Удивительной была эта поездка из Нового Орлеана в глубь Луизианы мимо городков и поселков со странными французскими именами Парадиз, Дезалеман; сперва петляя по опасным поворотам дороги у подошвы береговых дамб, а потом следуя за изгибами то одного рукава Байу-Блэк, то другого — Байу-Тек. Январь только начинался, а жарко было, как на пожаре, хотя парой дней раньше мы стучали зубами от холодного пронизывающего ветра в Новом Орлеане. Новая Иберия лежит в самом сердце округа Акадия, в нескольких милях от Сент-Мартинсвилла, где памятью о Эванджелине пропитана вся атмосфера.
Январь в Луизиане! Первые признаки весны уже угадываются в хилых палисадниках: белые, словно бумажные, нарциссы, германские ирисы, чьи серо-зеленые острые листья венчаются цветными хвастливыми султанами. По колено в черно-прозрачных водах стариц стоят несокрушимые кипарисы, символы молчания и смерти. И повсюду небо, оно царит надо всем. Но какие разные небеса видишь, переезжая из одного края в другой! Как различны небеса Чарлстона и Эшвилла, Билокси и Пенсаколы, Айкена, Виксбурга и Сент-Мартинсвилла! Но повсюду — виргинские дубы, кипарисы, мыльные деревья; всюду болота, дренированные участки, джунгли; хлопок, рис, сахарный тростник; заросли бамбука, банановые деревья, эвкалипты, магнолии, огуречные деревья, болотный мирт, сассафрас. Первозданное изобилие цветов: камелии, азалии, розы всех видов, шалфей, гигантские традесканции, аспидистры, жасмин, поповник; змеи, совы, еноты; луны пугающего размера, мертвенно-бледные, круглые, тяжелые, как ртуть. И как лейтмотив этого великолепия под безмерным небом — опутывающие все переплетения бородатого испанского моха. Это растение, родственник ананаса, водится только на Юге. Оно скорее эпифит, а не паразит: все необходимое для жизни — воздух, влагу — оно добывает самостоятельно и может так же триумфально расцветать на умерших деревьях и даже на телеграфных столбах, как и на виргинском дубе. «Никто, кроме китайцев, — сказал Уикс Холл, — пусть и не надеется написать этот мох. В его контурах и объемах скрыт какой-то обескураживающий секрет. Он в руки не дается, это потруднее вероники[21]. Дубы как будто его только терпят, не сливаясь с ним, а вот кипарисам, кажется, он нужен как телохранитель. Странный феномен!» Но феномен не только странный, но и прибыльный: пользуется большим спросом как набивочный материал для матрасов и мебели.
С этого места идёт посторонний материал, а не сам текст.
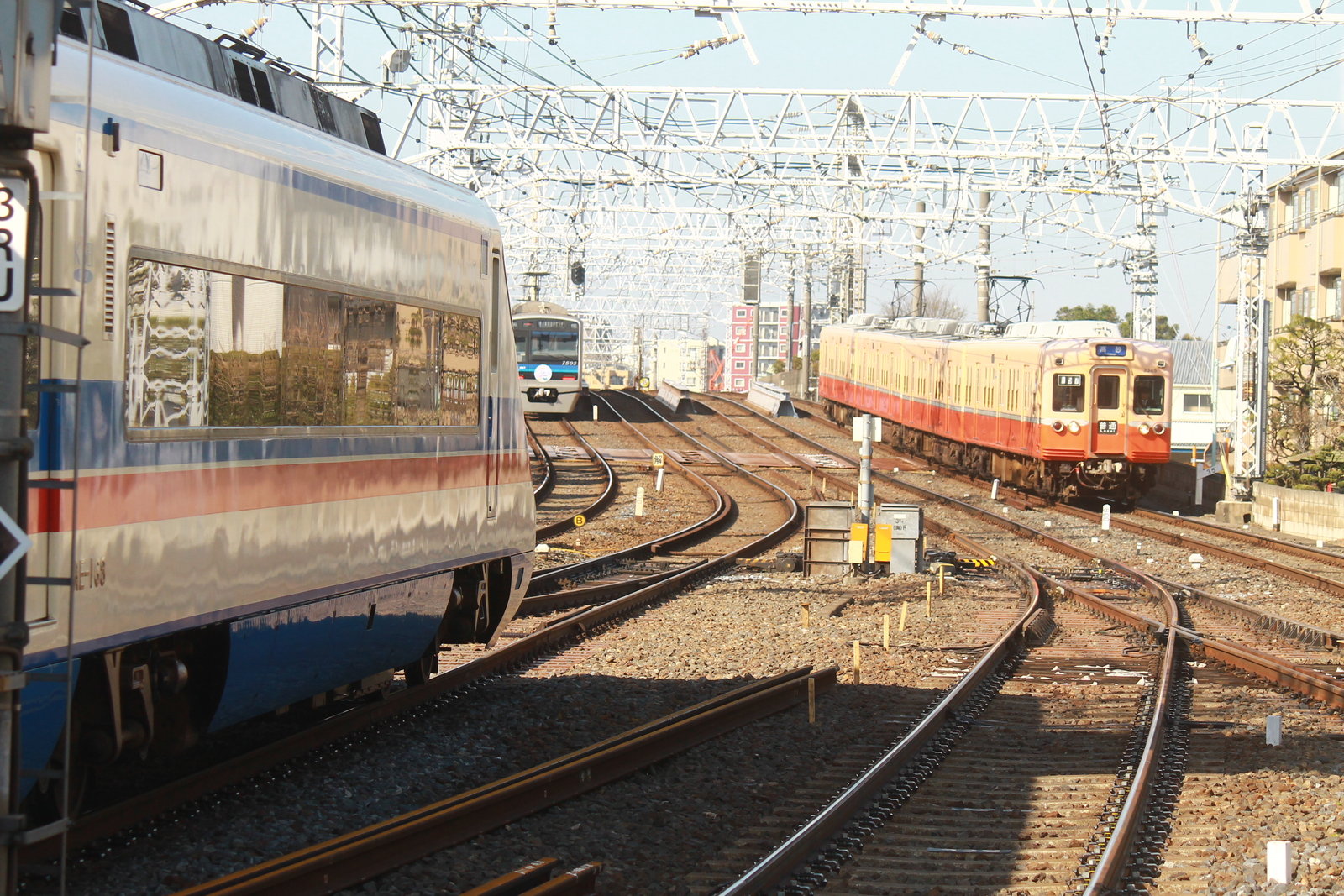 北総線のダイヤ乱れの影響で、羽田空港行きで走っていた列車が押上に行き先変更になった。これが7260形であった、何だか気の毒なような気がする。その下はアクセス特急で使われた京急600形のブルースカイトレインだ。

Иные обитатели Севера или Среднего Запада буквально трепещут, приближаясь к заслуженному ветерану, старому виргинскому дубу, — от него веет чем-то зловещим и грозным. Но потом, когда северяне видят эти знающие себе цену деревья, величавыми рядами стоящие вокруг больших поместий в Бофорте, Южная Каролина, или в Билокси — в Билокси их особенно много, — им приходится склоняться в низком поклоне перед виргинскими дубами, если не как перед монархами в царстве деревьев, то уж как перед его старейшинами и мудрецами — это точно.
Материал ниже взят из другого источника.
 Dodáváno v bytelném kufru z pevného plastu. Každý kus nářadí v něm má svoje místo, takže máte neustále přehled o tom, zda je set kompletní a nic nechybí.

Вот в тени одного из таких великанов стояли мы втроем и любовались тыльной стороной дома. Я сказал «втроем» потому, что наш хозяин — и это была еще одна черта, понравившаяся мне в Уиксе Холле, — мог застыть, наслаждаясь видом места, где он живет, в любое время дня и ночи. Он мог часами рассказывать о каждой подробности дома или сада; он говорил об этом, как говорят о своем собственном творении, хотя и дому, и саду более ста лет от роду. Это все, что осталось от тысячи с лишним акров, включавших в себя и остров Уикс, пожалованных в 1792 году бароном Каронделем Дэвиду Уиксу от имени короля Испании. Парадный въезд в поместье, сократившееся теперь до трех акров, выходит на Мэйн-стрит, улицу, представляющую собой отрезок федерального шоссе № 90. Проезжающий на машине мимо вряд ли догадывается, какая красота скрыта от него за живой изгородью густого бамбука.
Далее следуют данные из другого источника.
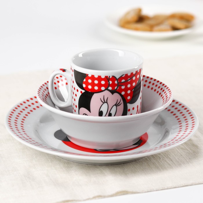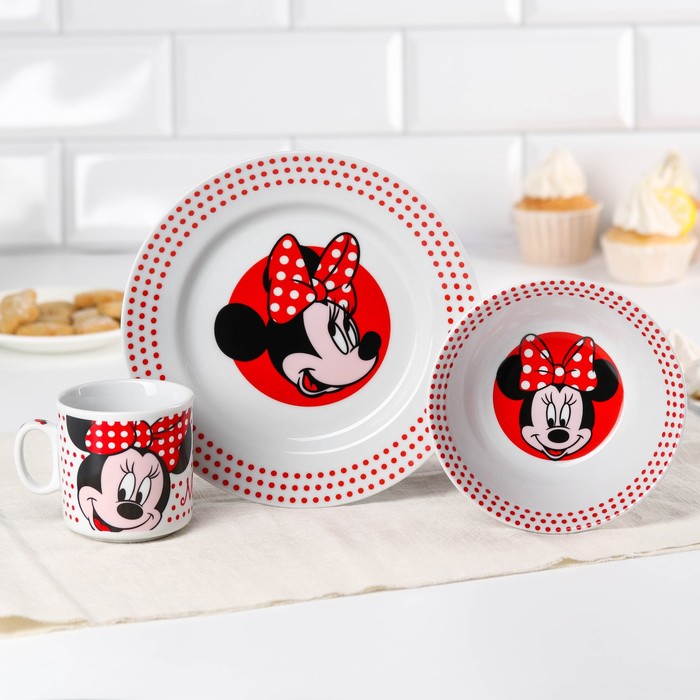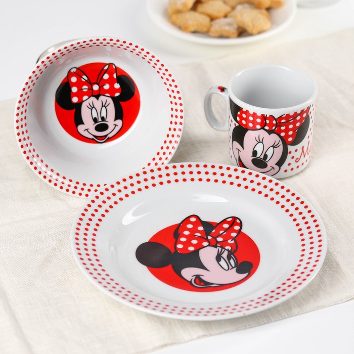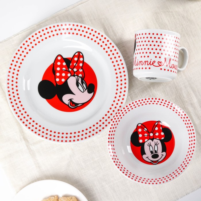 Подарочный набор посуды керамической: «Минни», 3 предмета: глубокая тарелка, плоская тарелка, кружка 250 мл, Минни Маус — Характеристики

Так мы стояли и разговаривали, пока не появился Теофил с сообщением, что несколько дам у входа просят позволения осмотреть усадьбу. «Скажи им, что меня нет дома, — прореагировал наш хозяин. — Туристы! — скривился он, повернувшись к Раттнеру. — Они здесь повсюду, как муравьи. Расползаются по округу тысяча за тысячей — просто чума какая-то». И он начал рассказывать о настырных посетительницах, норовящих всюду сунуть свой нос: «Если б им позволили, они бы за мной и в ванную полезли. Это ужас быть собственником и жить в таком месте». Все эти гости, подумал я, наверное, прибывают со Среднего Запада. Таких типажей можно увидеть в Париже, Риме, Флоренции, Египте, Шанхае — безвредные существа, одержимые манией повидать мир и получить сведения обо всем, что увидели. Любопытная вещь с этими достопримечательностями, а я их повидал немало, состоит в том, что их владельцы, несмотря на муки, претерпеваемые от постоянных нашествий туристских орд, не решаются отказать публике. Возможно, они чувствуют себя несколько виноватыми в том, что единолично пользуются этим старинным великолепием. Конечно, некоторые из них не могут пренебречь и скромным доходом, который несет с собой этот поток, но в большинстве случаев здесь действует сознательное или бессознательное ощущение долга перед людьми.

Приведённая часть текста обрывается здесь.